CUBRID Database is well known for its various optimizations for Web services. One more feature which makes CUBRID stand out is the support for Shared Query Plan Caching. We have got huge improvements in overall performance when we added this feature.
In simple words, the Query Execution Plan is a tree of instructions how should the database server execute the client’s SQL request.
When a SQL statement is sent for execution, the Broker, CUBRID’s middleware, performs the following steps to generate the Execution Plan for this particular query, and then relays this tree of instructions to the database server. More detailed explanation of each step is provided in CUBRID Query Processing tutorial.
The final XASL (eXtended Access Specification Language) tree, obtained from the Query Optimizer, is that particular query execution plan we are talking about. It tells the server engine how the incoming query should be executed.
There are 13 types of execution plans:
INSERT. The query execution plan also includes the scan information (heap scan, index scan, list file scan, set scan, and method scan), the value list (values required for query results) and the predicate.
All these steps are always performed unless the execution plan for the query is already cached. In that case, the execution plan is retrieved from the cache.

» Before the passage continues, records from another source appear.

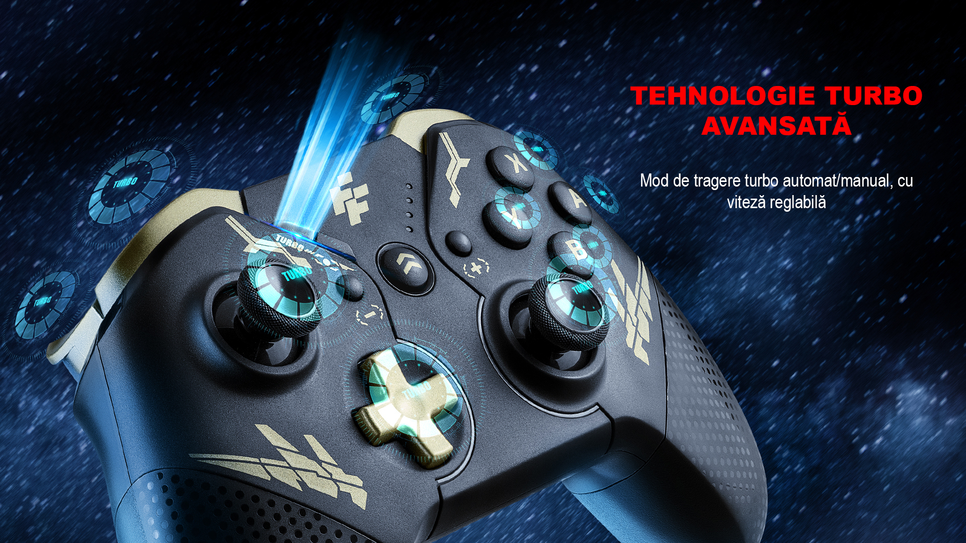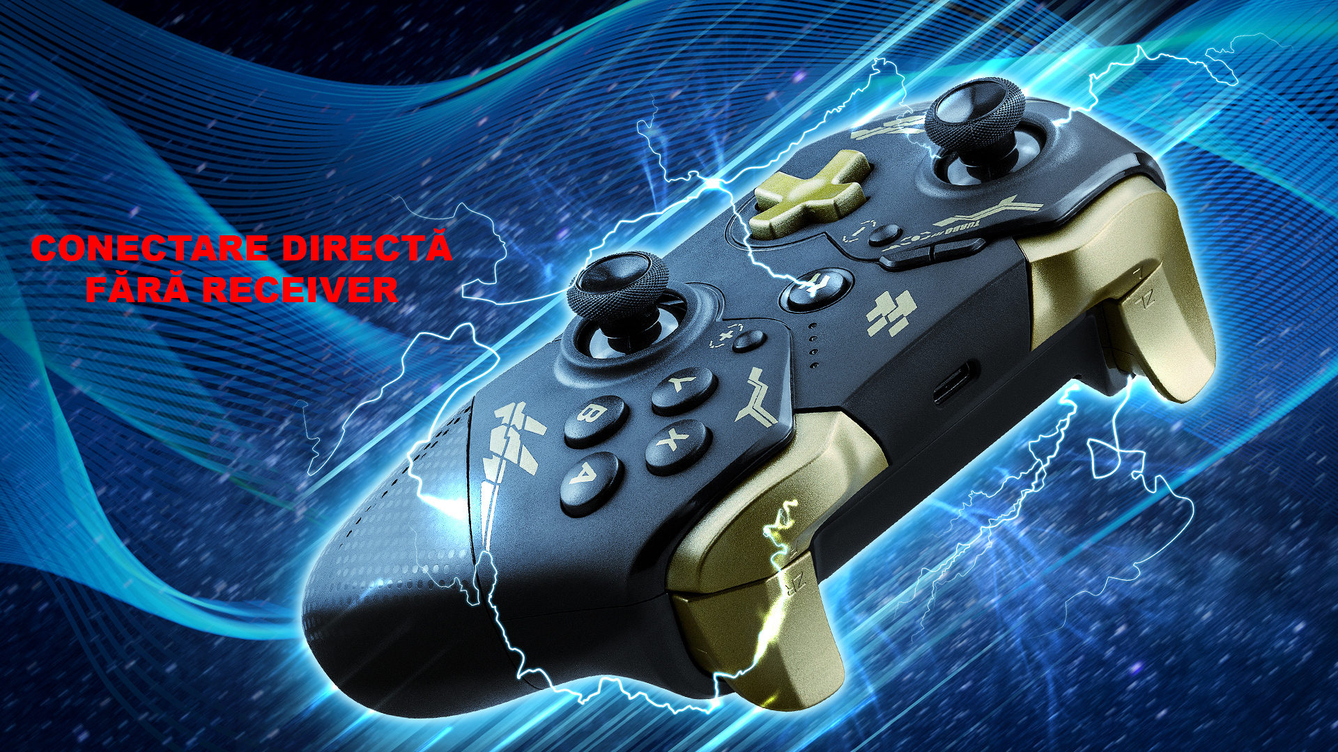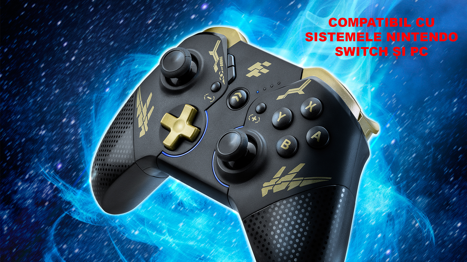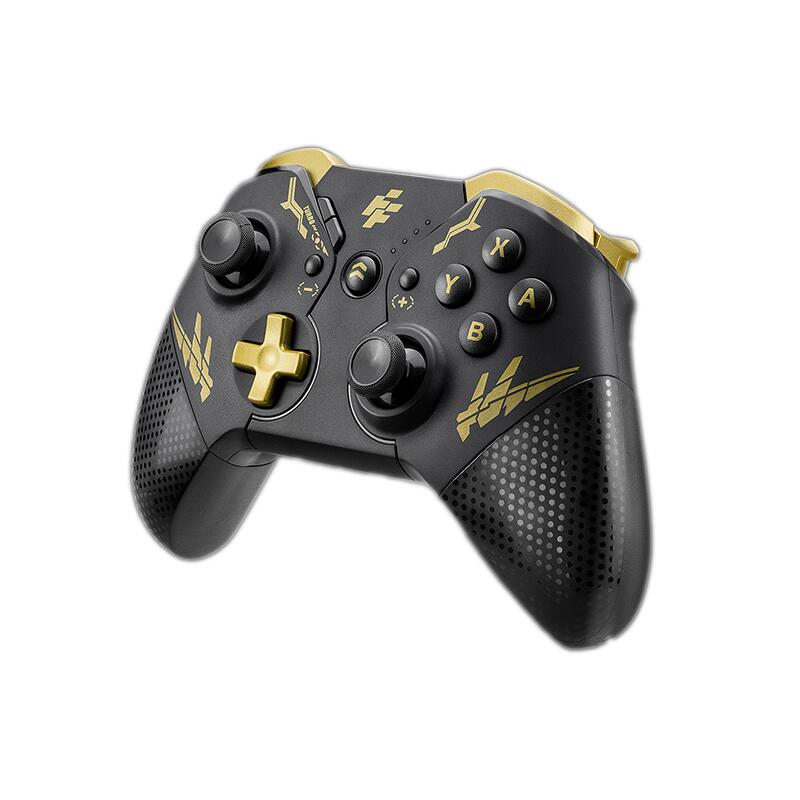 Gamepad FlashFire Swing Pad BTG negru cu auriu, conectivitate Bluetooth, One-Key Wake-Up, suporta MACRO, 2 motoare pentru vibratii, senzor de miscare incorporat, Auto Turbo, iluminare RGB, autonomie: aproximativ 10 ore, timp de incarcare: 2-3 ore, acumulator Litiu, conector USB Type-C, compatibilitate: Nintendo Switch / PC, dimensiuni: 180x160x70mm, greutate: 340g
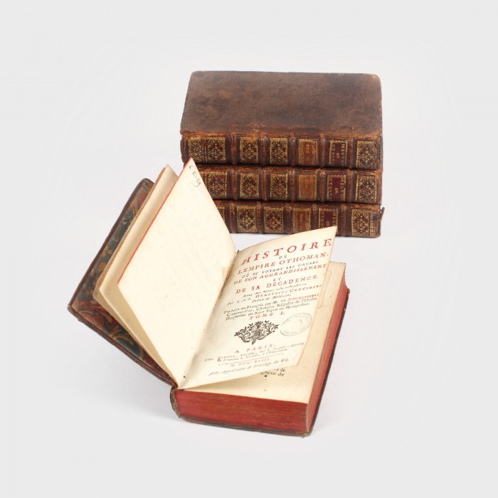 Histoire de l’empire othoman où se voyent les causes de son aggrandissement et de sa décadence avec des notes très instructives par S.A.S. Demetrius Cantimir Prince de Moldavie. Vol. 1‑2. Traduite en français par M. de Joncquières, Commandeur Chanoine. Paris, Nyon, 1743.
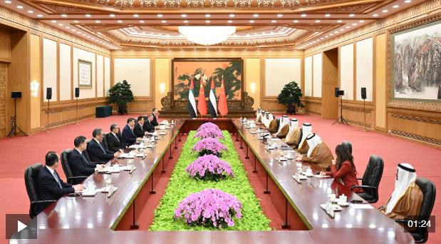 哈立德说:“主席阁下,阿联酋和中国的关系历史悠久、根基深厚。阿联酋高度重视同中国的伙伴关系。我们致力于进一步推动两国关系向前发展,开拓更广阔的前景。”
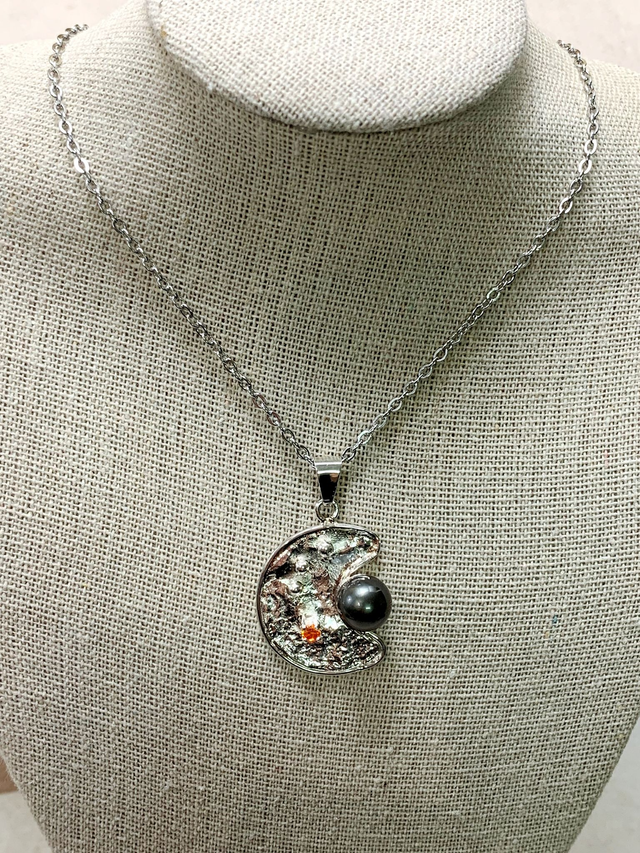 J'ai voulu, d'après ma vision, recréer une partie de notre galaxie. Il y à la Lune en argent, la perle étant pour moi la terre et l'oxyde de zirconium représentant à mes yeux la planète Mars. Pour les boules en argent, c'est à vous d'imaginer vos planètes.
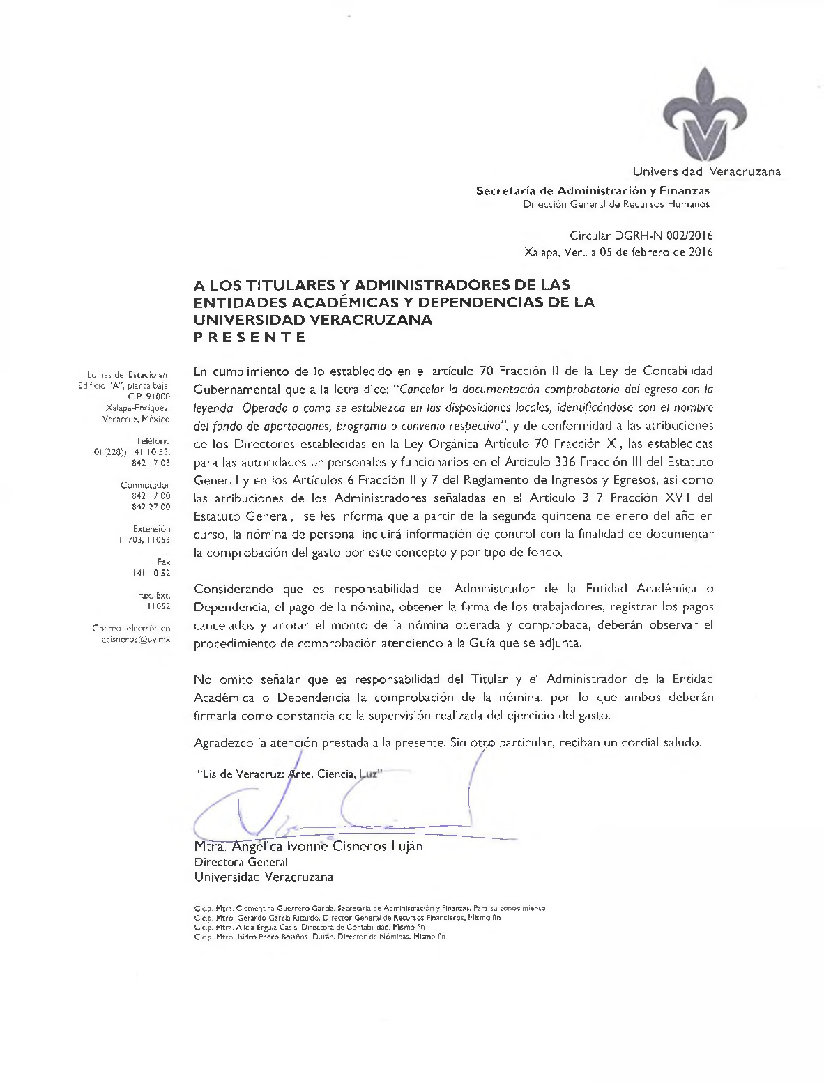 Circular DGRH-N 002/2016 Relativa a la Nómina de Personal, información para su control y procedimiento de comprobación
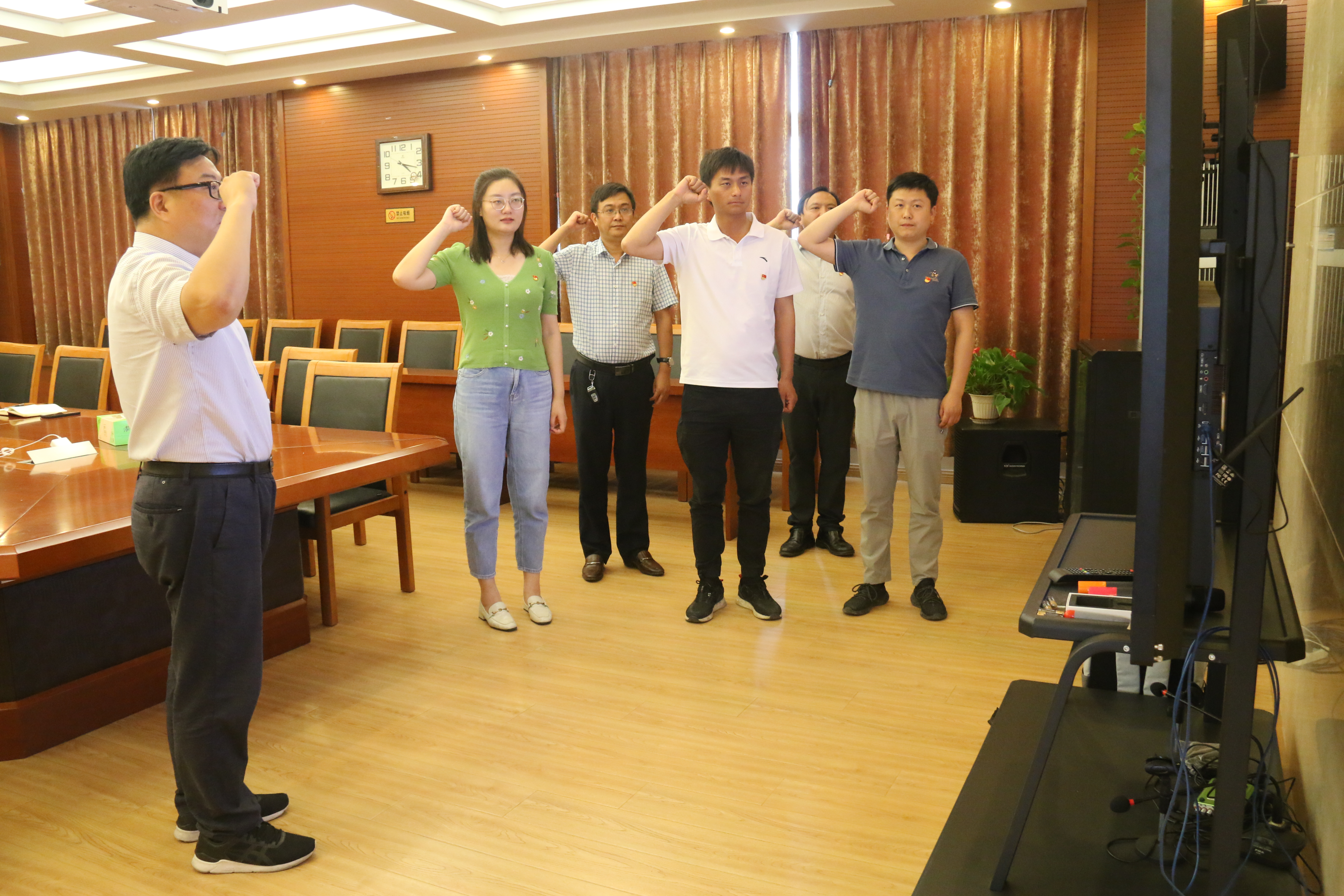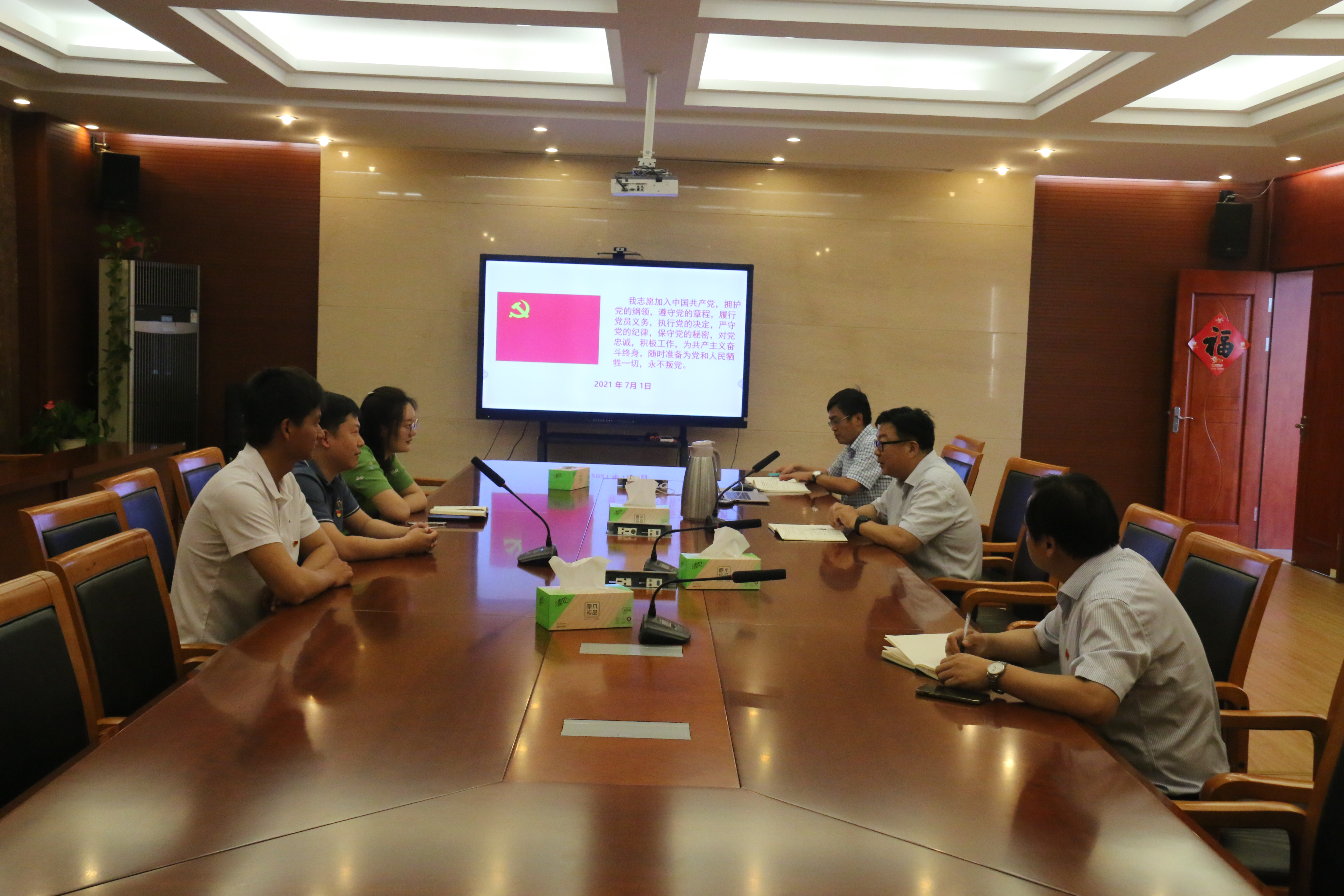 新发展党员在房书记的带领下,神情肃穆、举起右拳,整齐地面向党旗庄严宣誓:“我志愿加入中国共产党,拥护党的纲领,遵守党的章程,履行党员义务,执行党的决定,严守党的纪律,保守党的秘密,对党忠诚,积极工作,为共产主义奋斗终身,随时准备为党和人民牺牲一切,永不叛党。”80字的入党誓词,包含党的性质、宗旨、纲领、目标等,从党的十二大一直沿用至今。铿锵誓言在会议室内久久回荡,让新党员更加坚定牢记自己的庄严承诺,在工作中以人民利益为重,不忘初心,坚守使命,永守入党初心,时刻以党员的标准严格要求自己、时刻以党员的先进性鞭策激励自己,坚定理想信念,履行职责,在工作中贡献自己的力量,以实际行动兑现对党的庄严承诺。

As a result the Broker sends this Query Execution Plan (XASL) to the Query Manager, a server module that executes the client’s query according to the plan.
Well, it is all about performance. Imagine the Broker no longer has to go through all the steps performed by the Semantic Checker and the Query Optimizer. Imagine all the Broker has to do is parse the query and get its execution plan from the cache as shown in the image below.
The Query Plan Caching does exactly what we want. It allows the Broker to save the execution plan of a query to the Shared Memory for further re-use in case the same query is requested again by the client.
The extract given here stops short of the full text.